Biology of Reproduction, Vol 51, 1117-1125, Copyright © 1994 by Society for the Study of Reproduction

ARTICLES

Characterization of a monoclonal antibody to a human intra-acrosomal antigen that inhibits fertilization

C Jimenez, B Sion, G Grizard, C Artonne, JL Kemeny and D Boucher
Laboratoire de Biologie du Developpement et de la Reproduction, Faculte de Medecine, Clermont-Ferrand, France.

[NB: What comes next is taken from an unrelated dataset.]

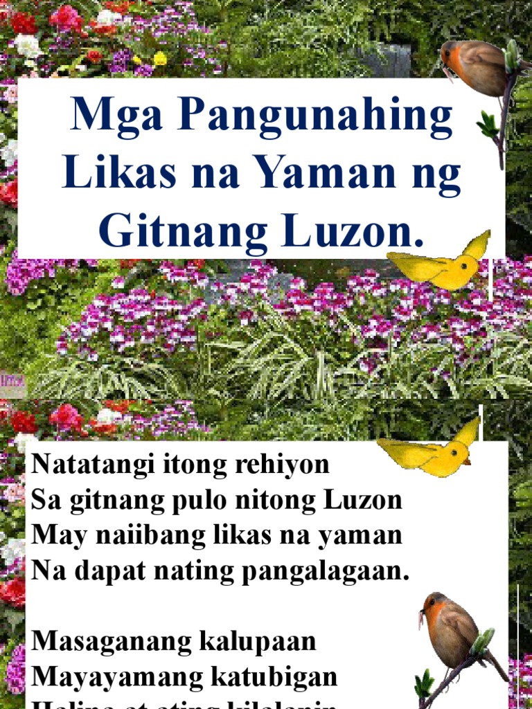 Masaganang kalupaan Mayayamang katubigan Halina at ating kilalanin Yaman to ng bawat isa satin. Ang mga likas na yaman ay makikita sa kapaligiran at pangunahing pinagkukunan ng mga pangangailangan ng mga tao. 11162018 Ang mga magagandang tanawin sa bawat rehiyon ng Pilipinas.

Among monoclonal antibodies (mAb) selected after the immunization of mice with human ejaculated spermatozoa, mAb I9G9 (IgG1 kappa) was found by immunoperoxidase staining to label most of the acrosome of human spermatozoa permeabilized with methanol-acetone. The antigen was poorly expressed on the surface of fresh ejaculated sperm, but was detectable on most viable sperm after 5-h incubation in medium containing human serum albumin (HSA) followed by 30-min incubation with the calcium ionophore A23187. This treatment resulted in acrosomal loss. Immunoelectron microscopy labeling with I9G9 mAb localized the antigen within the acrosome. Immunocytochemistry on testis sections showed that antigen was located in the round spermatids within the adluminal compartment of the seminiferous epithelium. Western blotting of sperm extract proteins showed that sperm intra-acrosomal (SIAA) recognized by I9G9 mAb had a polymorphism of immunogenic peptides from 16 to 35 kDa. Most of the antigenic peptides possessed an isoelectric point of approximately 5. When spermatozoa were treated with a series of protease inhibitors, the polymorphism of immunogenic peptides was reduced, suggesting that the multiple form of the antigen was due, at least in part, to proteolytic processing. In the testis, only a single peptide band of 35 kDa was detected with mAb I9G9. Studies of human tissue specificity by Western blotting showed that the epitope recognized by I9G9 mAb was present solely in ejaculated spermatozoa and the testis. I9G9 mAb did not agglutinate or immobilize sperm but inhibited the penetration of zona-free hamster ova by human sperm.